Look through the entries below and return all lines including the word "March".
══ DATA PROVIDED ══
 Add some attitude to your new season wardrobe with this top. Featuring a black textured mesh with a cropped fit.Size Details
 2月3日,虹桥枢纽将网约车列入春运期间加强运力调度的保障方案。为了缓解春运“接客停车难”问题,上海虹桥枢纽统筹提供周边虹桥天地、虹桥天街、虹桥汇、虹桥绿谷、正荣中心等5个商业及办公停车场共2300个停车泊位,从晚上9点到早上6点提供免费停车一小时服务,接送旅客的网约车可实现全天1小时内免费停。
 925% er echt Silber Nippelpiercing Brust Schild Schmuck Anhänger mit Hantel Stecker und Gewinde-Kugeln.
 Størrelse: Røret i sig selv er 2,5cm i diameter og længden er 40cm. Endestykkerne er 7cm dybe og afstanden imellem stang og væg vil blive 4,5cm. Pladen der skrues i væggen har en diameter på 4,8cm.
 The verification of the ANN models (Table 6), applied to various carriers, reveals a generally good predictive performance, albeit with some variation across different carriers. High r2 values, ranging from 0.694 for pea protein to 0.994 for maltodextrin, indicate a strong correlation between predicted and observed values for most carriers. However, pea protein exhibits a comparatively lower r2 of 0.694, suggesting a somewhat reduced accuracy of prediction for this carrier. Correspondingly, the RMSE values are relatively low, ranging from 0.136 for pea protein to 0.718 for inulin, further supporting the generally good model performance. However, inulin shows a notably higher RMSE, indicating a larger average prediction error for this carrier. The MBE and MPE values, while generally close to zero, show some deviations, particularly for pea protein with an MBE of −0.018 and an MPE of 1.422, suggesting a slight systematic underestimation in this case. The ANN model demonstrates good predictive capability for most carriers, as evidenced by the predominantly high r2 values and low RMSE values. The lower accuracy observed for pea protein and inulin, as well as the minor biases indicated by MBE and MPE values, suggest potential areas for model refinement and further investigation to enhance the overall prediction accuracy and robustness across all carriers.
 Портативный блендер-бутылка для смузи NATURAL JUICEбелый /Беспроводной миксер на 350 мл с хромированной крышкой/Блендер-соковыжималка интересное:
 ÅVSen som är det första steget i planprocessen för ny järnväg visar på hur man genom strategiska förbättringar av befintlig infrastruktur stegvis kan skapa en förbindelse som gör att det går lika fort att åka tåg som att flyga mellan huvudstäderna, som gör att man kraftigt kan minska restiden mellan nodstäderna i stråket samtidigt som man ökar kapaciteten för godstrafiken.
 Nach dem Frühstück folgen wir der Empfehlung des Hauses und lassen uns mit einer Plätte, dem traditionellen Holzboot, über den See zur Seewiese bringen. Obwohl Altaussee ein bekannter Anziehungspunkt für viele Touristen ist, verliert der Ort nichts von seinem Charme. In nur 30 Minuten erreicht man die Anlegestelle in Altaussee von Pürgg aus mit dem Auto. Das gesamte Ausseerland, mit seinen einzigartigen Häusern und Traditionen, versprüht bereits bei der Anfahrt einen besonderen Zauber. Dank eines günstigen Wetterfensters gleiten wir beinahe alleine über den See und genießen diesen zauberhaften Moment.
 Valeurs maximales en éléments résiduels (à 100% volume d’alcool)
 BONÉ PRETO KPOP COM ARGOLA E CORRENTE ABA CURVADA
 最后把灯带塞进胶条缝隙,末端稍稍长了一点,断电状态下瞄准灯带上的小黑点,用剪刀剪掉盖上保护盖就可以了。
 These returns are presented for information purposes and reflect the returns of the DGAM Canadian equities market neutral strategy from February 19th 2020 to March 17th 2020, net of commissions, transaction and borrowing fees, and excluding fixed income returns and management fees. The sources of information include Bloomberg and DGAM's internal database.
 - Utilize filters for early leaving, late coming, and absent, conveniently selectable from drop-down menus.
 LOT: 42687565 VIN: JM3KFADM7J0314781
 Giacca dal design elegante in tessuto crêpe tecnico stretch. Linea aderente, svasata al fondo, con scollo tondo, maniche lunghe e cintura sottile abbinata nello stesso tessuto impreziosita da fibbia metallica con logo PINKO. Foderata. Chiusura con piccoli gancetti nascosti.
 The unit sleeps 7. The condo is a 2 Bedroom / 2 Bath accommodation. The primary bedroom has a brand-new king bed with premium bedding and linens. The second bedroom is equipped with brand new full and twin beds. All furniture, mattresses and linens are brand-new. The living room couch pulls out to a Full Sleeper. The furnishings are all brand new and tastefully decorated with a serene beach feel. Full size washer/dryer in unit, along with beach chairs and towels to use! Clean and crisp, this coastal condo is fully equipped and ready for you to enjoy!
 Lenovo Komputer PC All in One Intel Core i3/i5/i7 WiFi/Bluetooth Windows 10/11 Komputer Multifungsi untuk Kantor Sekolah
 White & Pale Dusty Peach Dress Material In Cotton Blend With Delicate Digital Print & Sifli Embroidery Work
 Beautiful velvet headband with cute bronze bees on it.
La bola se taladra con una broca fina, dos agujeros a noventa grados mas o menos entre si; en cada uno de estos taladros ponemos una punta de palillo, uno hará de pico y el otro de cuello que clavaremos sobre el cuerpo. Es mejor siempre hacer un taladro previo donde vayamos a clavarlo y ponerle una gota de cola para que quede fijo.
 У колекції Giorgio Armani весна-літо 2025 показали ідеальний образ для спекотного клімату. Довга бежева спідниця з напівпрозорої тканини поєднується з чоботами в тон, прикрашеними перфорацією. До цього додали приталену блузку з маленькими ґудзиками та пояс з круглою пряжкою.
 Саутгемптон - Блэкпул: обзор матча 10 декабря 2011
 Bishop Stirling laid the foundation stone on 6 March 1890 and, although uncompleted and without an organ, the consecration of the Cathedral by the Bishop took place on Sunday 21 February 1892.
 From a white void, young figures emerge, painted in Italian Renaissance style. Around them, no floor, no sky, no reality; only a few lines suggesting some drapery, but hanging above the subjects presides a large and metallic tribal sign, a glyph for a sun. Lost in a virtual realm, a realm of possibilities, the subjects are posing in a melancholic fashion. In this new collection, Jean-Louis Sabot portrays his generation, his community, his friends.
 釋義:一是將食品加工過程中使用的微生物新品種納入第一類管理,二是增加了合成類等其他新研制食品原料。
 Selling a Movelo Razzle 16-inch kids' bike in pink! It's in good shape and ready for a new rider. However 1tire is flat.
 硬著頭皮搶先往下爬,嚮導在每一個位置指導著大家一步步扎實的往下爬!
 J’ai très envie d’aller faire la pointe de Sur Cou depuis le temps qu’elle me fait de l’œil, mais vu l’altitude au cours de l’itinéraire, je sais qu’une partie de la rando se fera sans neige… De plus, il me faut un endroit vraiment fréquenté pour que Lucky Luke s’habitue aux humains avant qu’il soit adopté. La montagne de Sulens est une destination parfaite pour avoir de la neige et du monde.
═══
SOLUTION —
 These returns are presented for information purposes and reflect the returns of the DGAM Canadian equities market neutral strategy from February 19th 2020 to March 17th 2020, net of commissions, transaction and borrowing fees, and excluding fixed income returns and management fees. The sources of information include Bloomberg and DGAM's internal database.
 Bishop Stirling laid the foundation stone on 6 March 1890 and, although uncompleted and without an organ, the consecration of the Cathedral by the Bishop took place on Sunday 21 February 1892.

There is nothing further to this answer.